Country wives became passé, and Simpson vociferously expressed “his disapproval of officers who continued in the old ways.” It was yet more hypocrisy from a man who “had fathered at least five children by four different women.” The Governor led by toxic example, and he demanded no less from his right-hand man, John McTavish. During their years at Red River, Simpson insulted his men when he “refused to accept mixed-bloods as suitable company for Frances.” McTavish followed suit when he transferred to Moose Factory and soon had the rank and file in an uproar when he forbade his Scottish-born wife, Catherine, to “mix with their country wives.”

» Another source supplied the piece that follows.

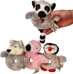 Táto plyšová hrkálka v tvare lemura kombinuje bezpečnú zábavu a pohodlie pre najmenších. Vďaka otvoru uprostred sa deťom ľahko drží aj drobnými ručičkami, mäkký materiál láka k mojkaniu a jemné hrkanie stimuluje sluch a pozornosť. Ideálny spoločník do kočíka, postieľky aj na cesty.
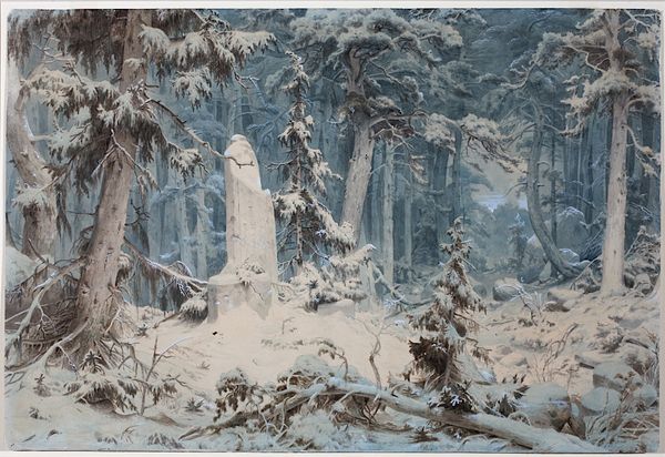 Clarence Gagnon made this painting, Trapper in the Woods, sometime during his career as a Canadian painter. This image of a lone trapper and his dog in a snow-covered forest is more than just a scene, it's a commentary on the evolving relationship between humans and nature. Painted during a period of rapid industrialization in Canada, Gagnon’s work invokes the traditional lifestyle of the trapper as a symbol of a past way of life. The trapper, dwarfed by the imposing forest, embodies the struggle for survival in a harsh environment. The painting romanticizes the rugged individualism of the trapper, a figure who lived outside the constraints of modern society. To truly understand this work, one might consult historical records, literature, and other cultural artifacts from this era. The meaning of art is always conditional on social and institutional context, making the art historian’s role vital.

Simpson’s reactionary edict that Company men find suitable replacements for their displaced country wives came back to haunt him after his marriage. When Frances arrived to set up house in Red River, Simpson once again asked McTavish to deal with his “old concern” — his latest country wife, Margaret “Peggy” Taylor, who was pregnant with his child at the time. Simpson’s contempt was on full display as he told McTavish, “Pray keep an Eye on the commodity and if she bring forth anything in proper time and of the right colour, let them be taken care of but if anything be amiss, let the whole be bundled about their business.” The baby was decidedly the wrong colour, and mother and child were hastily bundled off. In accordance with his own regulation, Simpson was forced to pay Peggy £30 per year until she was “disposed of.” After handing out a few annuities, McTavish finally managed to marry her off to an agreeable striver in the Company with the whimsically appropriate name of Amiable Hogue. Simpson’s love life was by then an open secret, and a source of derision, within the Company. His snider colleagues mocked Taylor’s demotion, chiding, “The Govr’s little tit bit Peggy Taylor…what a downfall is here…from a Governess to Sow.”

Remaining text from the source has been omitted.